Department of Agricultural Biotechnology, Seoul National University, Seoul, 08826, Republic of Korea.
Bio-MAX Institute, Seoul National University, Seoul, 08826, Republic of Korea.
BMC Bioinformatics. 2022 Jun 7;23(1):218. doi: 10.1186/s12859-022-04752-5.
Due to their diverse bioactivity, natural product (NP)s have been developed as commercial products in the pharmaceutical, food and cosmetic sectors as natural compound (NC)s and in the form of extracts. Following administration, NCs typically interact with multiple target proteins to elicit their effects. Various machine learning models have been developed to predict multi-target modulating NCs with desired physiological effects. However, due to deficiencies with existing chemical-protein interaction datasets, which are mostly single-labeled and limited, the existing models struggle to predict new chemical-protein interactions. New techniques are needed to overcome these limitations.
We propose a novel NC discovery model called OptNCMiner that offers various advantages. The model is trained via end-to-end learning with a feature extraction step implemented, and it predicts multi-target modulating NCs through multi-label learning. In addition, it offers a few-shot learning approach to predict NC-protein interactions using a small training dataset. OptNCMiner achieved better prediction performance in terms of recall than conventional classification models. It was tested for the prediction of NC-protein interactions using small datasets and for a use case scenario to identify multi-target modulating NCs for type 2 diabetes mellitus complications.
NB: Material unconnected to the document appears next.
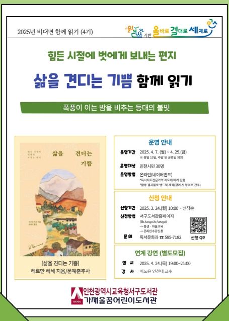 (아름다운교육신문) 인천광역시교육청서구도서관은 4월 7일부터 25일까지 헤르만 헤세의 고전 에세이 ‘삶을 견디는 기쁨’ 함께 읽기 온라인 프로그램을 운영한다.
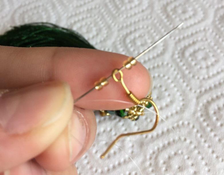 Теперь проходим иглой вверх через 3 бисерины и рондель.

OptNCMiner identifies NCs that modulate multiple target proteins, which facilitates the discovery and the understanding of biological activity of novel NCs with desirable health benefits.
由于具有多样的生物活性,天然产物(NP)已被开发为药物、食品和化妆品领域的天然化合物(NC)和提取物形式的商业产品。给药后,NC 通常与多种靶蛋白相互作用以发挥其作用。已经开发了各种机器学习模型来预测具有所需生理作用的多靶调制 NC。然而,由于现有的化学-蛋白质相互作用数据集存在缺陷,这些数据集大多是单一标记的且有限,现有的模型难以预测新的化学-蛋白质相互作用。需要新技术来克服这些限制。
我们提出了一种名为 OptNCMiner 的新型 NC 发现模型,该模型具有多种优势。该模型通过端到端学习进行训练,并通过多标签学习预测多靶调制 NC。此外,它还提供了一种使用小训练数据集进行预测的少样本学习方法。OptNCMiner 在召回率方面的预测性能优于传统分类模型。它已被用于使用小数据集预测 NC-蛋白质相互作用的测试,并用于识别 2 型糖尿病并发症的多靶调制 NC 的用例场景。
OptNCMiner 识别出调节多种靶蛋白的 NC,这有助于发现和理解具有理想健康益处的新型 NC 的生物活性。